河内国喜志村覚え書き帖

大坂の東南、南河内は富田林市喜志村の歴史と文化の紹介です。
加えて、日々の思いをブログに移入しています。

その六 飛鳥 ―― ちぬの道

2022年02月03日 | 歴史

 毎年8月23日は喜志村の川面の地蔵盆だ。川面には「隣組」とは別に、町内が中脇・東脇・西脇・北脇に分けられ、一年ごとに地蔵盆の世話をするしきたりになっていた。

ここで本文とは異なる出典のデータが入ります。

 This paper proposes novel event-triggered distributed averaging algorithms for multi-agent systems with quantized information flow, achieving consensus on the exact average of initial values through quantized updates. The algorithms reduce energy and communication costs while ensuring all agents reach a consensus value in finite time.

 神社仏閣の多くは東西かあるいは南向きに建てられている。したがって地蔵さんの祠の多くも東西南向きに建てられているのだが、川面の地蔵さんは北向きだ。「北向き地蔵」と呼ばれ、珍しいので御利益が多いことで知られている。川面の地蔵がなぜ北向きなのかは、後で述べるとして、この年の地蔵盆は春やんの住んでいる「脇」が当番だった。

 

 夏の暑い盛り、昼の3時頃、当番の脇にあたっている家々から人々が会所に集まって来る。しかし、全員が時間通りに集まることはめったになかった。脇には「年行司」という年番が一人いて、その人が中心になって動くのだが、まだ若い人が年行司にあたっていると、たいがい年長者が胴ををとる。

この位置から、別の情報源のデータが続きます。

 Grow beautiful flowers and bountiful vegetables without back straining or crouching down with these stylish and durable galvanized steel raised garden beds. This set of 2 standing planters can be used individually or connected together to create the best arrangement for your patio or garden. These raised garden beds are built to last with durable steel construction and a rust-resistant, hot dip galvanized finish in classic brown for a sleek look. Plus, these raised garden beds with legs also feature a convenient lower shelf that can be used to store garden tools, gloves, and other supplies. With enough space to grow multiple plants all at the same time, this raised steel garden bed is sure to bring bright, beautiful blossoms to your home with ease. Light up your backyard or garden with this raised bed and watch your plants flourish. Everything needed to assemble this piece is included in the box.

 「時間やけれども、まだ皆そろってないし、なんちゅうても暑いわい。カゲラ(日陰)が出来てから行こか」

 春やんが、脇の連中に指し図すると、わいわいがやがやと世間話が始まりだす。そして、4時頃になってようやく全員が集まる。

 「ほなら、そろそろ行こか」

 春やんの一声で皆が動き出す。倉庫から道具を出してテーラー(三輪の貨物車)に積み、地蔵堂に運んでいく。女の人は地蔵堂の掃除やお供え物の準備をし、男性は提灯をつる。途中に一回休憩が入り、大人たちはまた世間話をしだす。

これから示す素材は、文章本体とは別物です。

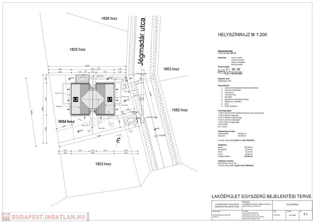 Az ikerházak egy 660 m2-es telken épültek fel. Ebből a 2. lakáshoz kb. 382 m2 saját terület tartozik.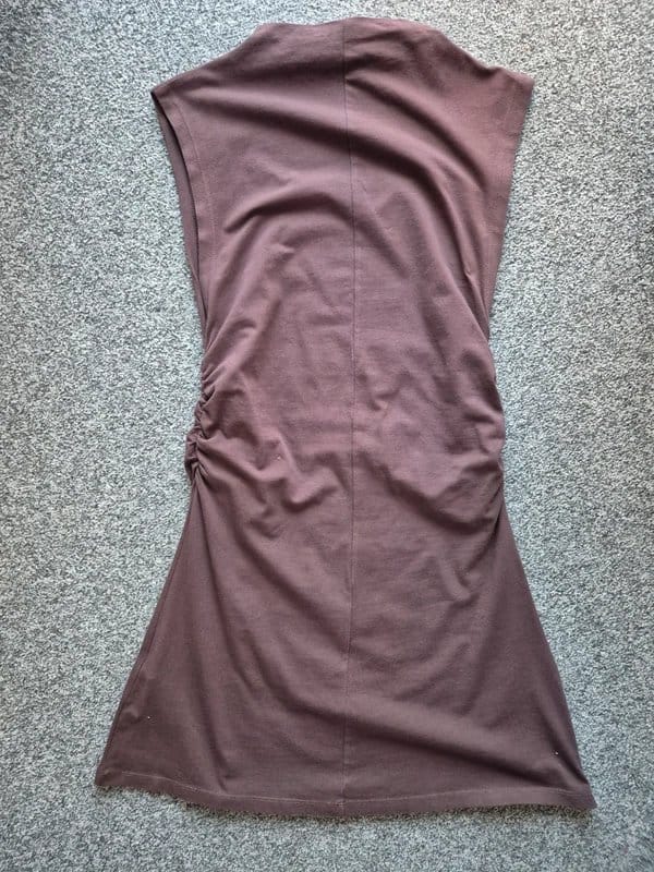 The ASOS Design Brown Ruched Mini Dress is available in sizes M.

 ここからが私たち子供の出番で、鉦をカーン、カンとたたきながら町内を回るのが仕事だった。日頃なら「じゃかわしわい」と怒られるのだが、この時ばかりは家々の人から「ごくろさん」とねぎらわれ、地蔵堂に戻って来ると駄菓子をもらえるのだから、けっこう楽しい仕事だった。

 話によると、昔、この日はモンビ(働くと笑われる日)で、朝から村中が集まり、かやくご飯を炊き、煮染めものを作り、一日中わいわいと騒いでいたという。

 鉦たたきから帰ってきて、おきまりの駄菓子をもらう。地蔵盆の準備はすっかり出来ていて、ほこらの前には果物やお菓子のお供え物が山のように積まれ、周囲には、子供の名前が書かれた提灯が吊られている。灯がともるにはまだ早いが、村人がお供え物(お菓子かお金)を持って次々とやって来ていた。

 私は、一旦家に帰って夕ご飯を食べ、小遣い50円をもらい、友達を誘って再び地蔵さんへ出かけた。子供会がまだなかったので、川面には模擬店がなかったが、すぐ近くにある桜井町の地蔵さんには夜店が数軒出ていた。綿菓子を食べ、金魚すくいをし、川面の地蔵さんに戻って来た。

 お供え物の受け付けのテントの中に当番のおっさん連中が何人か座り、春やんが、湯飲みで酒を飲みながら大きな声で話していた。

 「日本で一番最初に出来た国道はどこか知ってるか?」

 「そら、竹内街道やろ!」

 「それが素人のアカサカノヨハフケテというやっちゃ。ええか、日本で一番古い国道は、今わしらの目の前にあるこの道や。考えてみいな、竹内街道は太子から北へぐるっと曲がってるがな、なんで曲がらなあかんねん。真っ直ぐいかんかいな。その方が道造るのも楽やし、わかりやすいがな。それに太子から真西にこんもりとした小山がある。喜志の宮さん、つまり美具久留御魂神社や。ここに参らんかいな。石川を渡って川面のこの道を通り、喜志の宮さんに突き当たる。お参りをして、二の鳥居から巡礼街道を北に通って、変電所の所で西に向き、平尾の峠を越えて難波の宮へ行く。あるいは、そのまま真っ直ぐ行って泉州に出る。これが一番古い国道じゃい。昔は大阪湾を「ちぬの海」と言うてたさかいに、この道を『ちぬの道』というねん」

 おっさん連中が一様に感心して、春やんの周りに集まって来た。春やんはますます意気盛んに、大化改新とか、石川麻呂とか、わけのわからぬことを話している。そのうち勢い余って地面に置いていた一升瓶を蹴とばしてしまった。一升瓶はごろごろと転がり、溝にガシャンと落ちた。春やんはそれを見て、歌舞伎俳優のようにミエをきり大声で言った。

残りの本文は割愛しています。